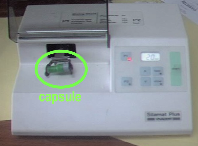 * capsule is loaded with amalgam powder and liquid mercury separated by a membrane
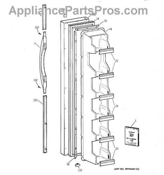 The Door Handle is an OEM part for GE refrigerators. This part provides a secure and comfortable grip for opening and closing the refrigerator door.
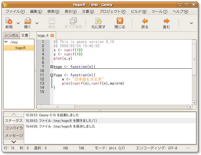 スクリーンショットでは、hoge()が畳まれている。geanyにおけるR/S言語のサポートはまだまだ途上なので、他の言語のような便利さはないが、将来的にはTinn-RやESSなみの機能を有する有望株のような気がしないでもない。
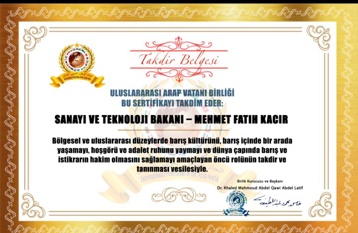 مؤسس ورئيس اتحاد الوطن العربي الدولي الدكتور خالد محمود عبد القوي عبد اللطيف يمنح شهادة فخرية للسيد وزير الصناعة والتكنولوجيا محمد فاتح فاجر في الجمهورية التركيةitihadworld21/12/2025تكريمات
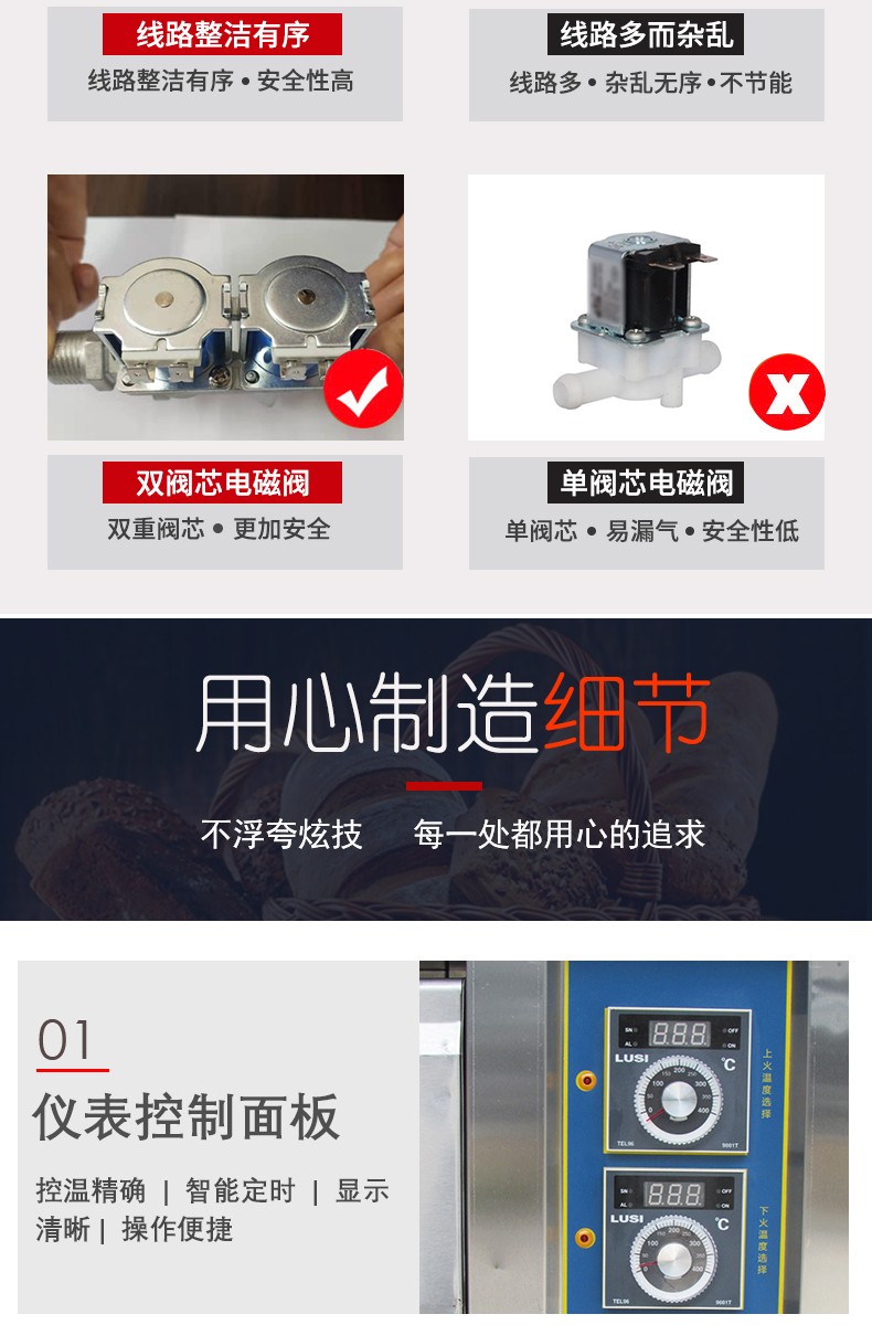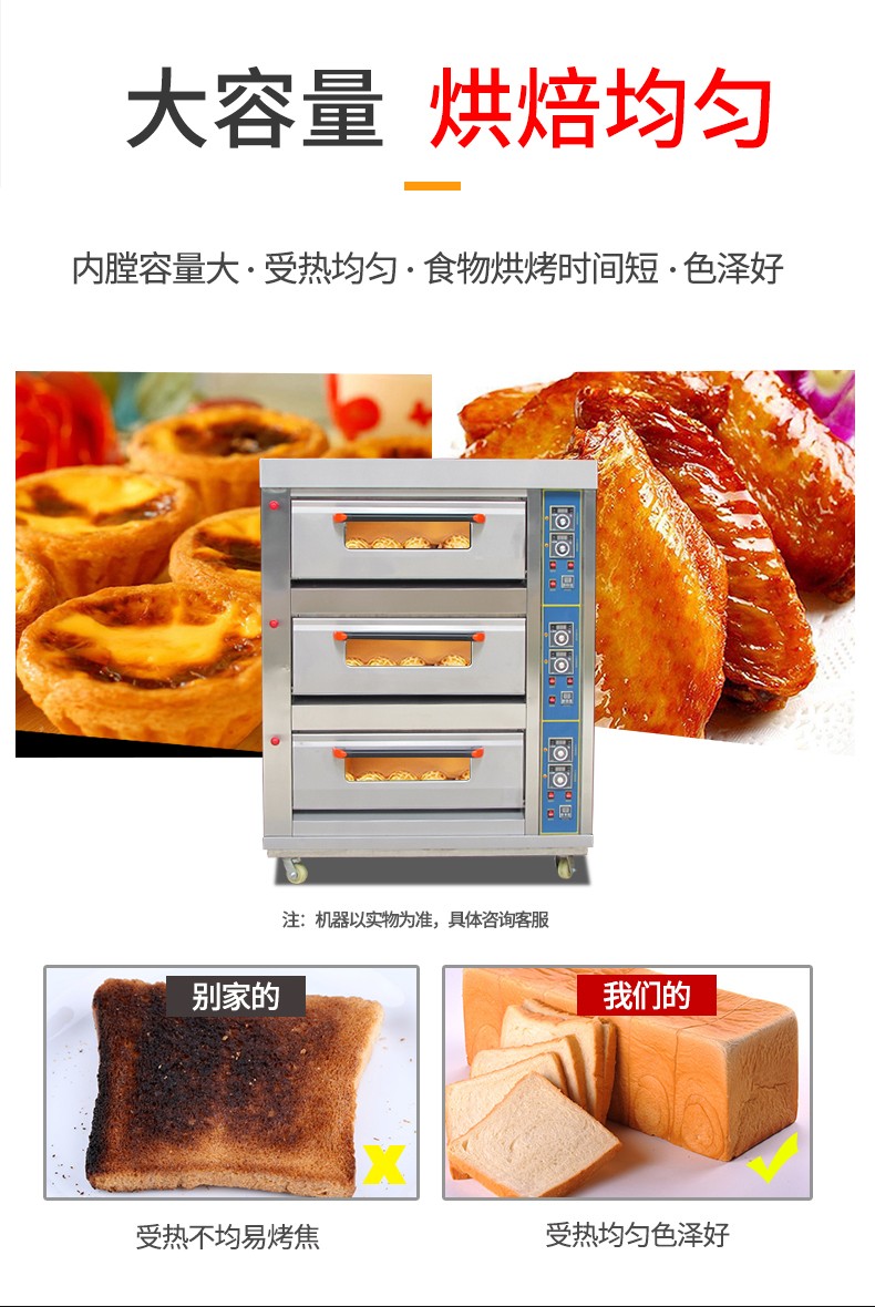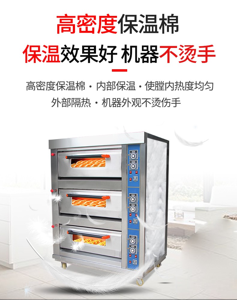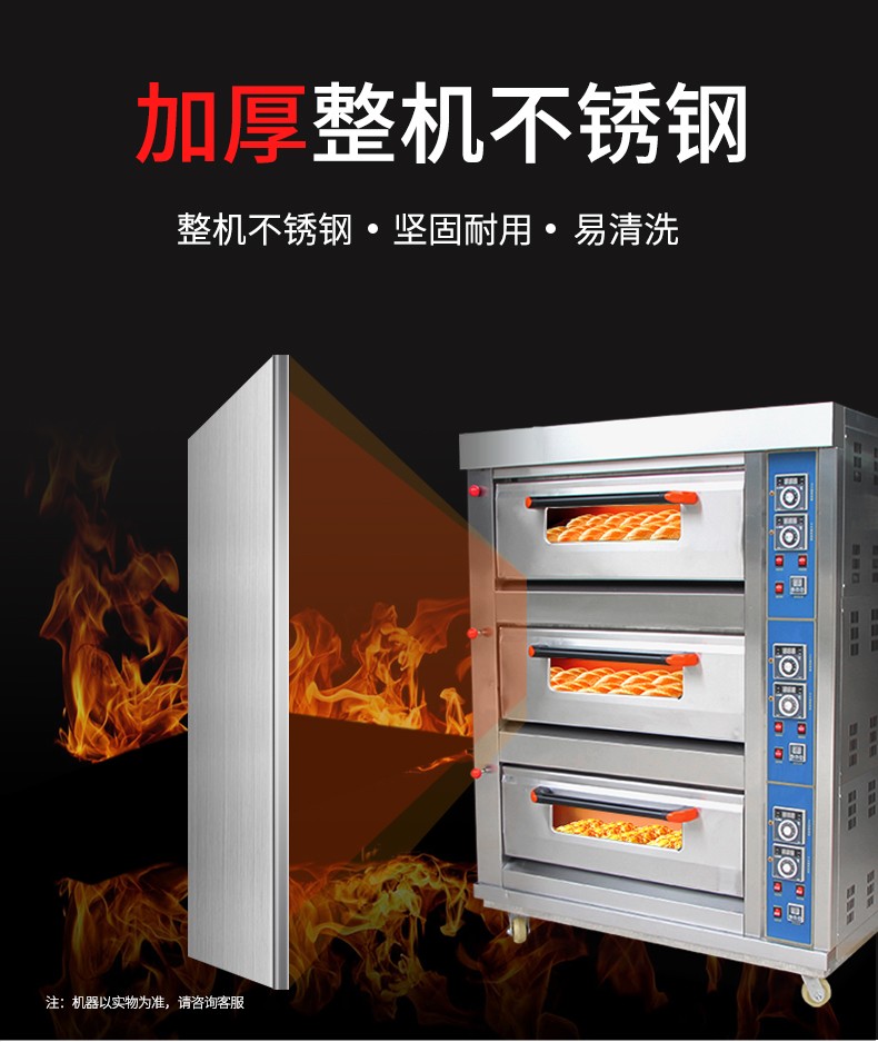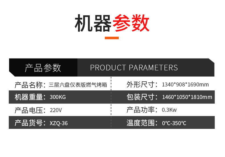 名稱三層六盤儀表版燃氣烤箱 電源220V 功率0.3KW 產量 尺寸1340*908*1690mm 重量300KG 規格三層六盤 其他

__Your assignment__:
Hand back the data above exactly, leaving out all pictures.

__Solution to this problem__:
 * capsule is loaded with amalgam powder and liquid mercury separated by a membrane
 The Door Handle is an OEM part for GE refrigerators. This part provides a secure and comfortable grip for opening and closing the refrigerator door.
 スクリーンショットでは、hoge()が畳まれている。geanyにおけるR/S言語のサポートはまだまだ途上なので、他の言語のような便利さはないが、将来的にはTinn-RやESSなみの機能を有する有望株のような気がしないでもない。
 مؤسس ورئيس اتحاد الوطن العربي الدولي الدكتور خالد محمود عبد القوي عبد اللطيف يمنح شهادة فخرية للسيد وزير الصناعة والتكنولوجيا محمد فاتح فاجر في الجمهورية التركيةitihadworld21/12/2025تكريمات
 名稱三層六盤儀表版燃氣烤箱 電源220V 功率0.3KW 產量 尺寸1340*908*1690mm 重量300KG 規格三層六盤 其他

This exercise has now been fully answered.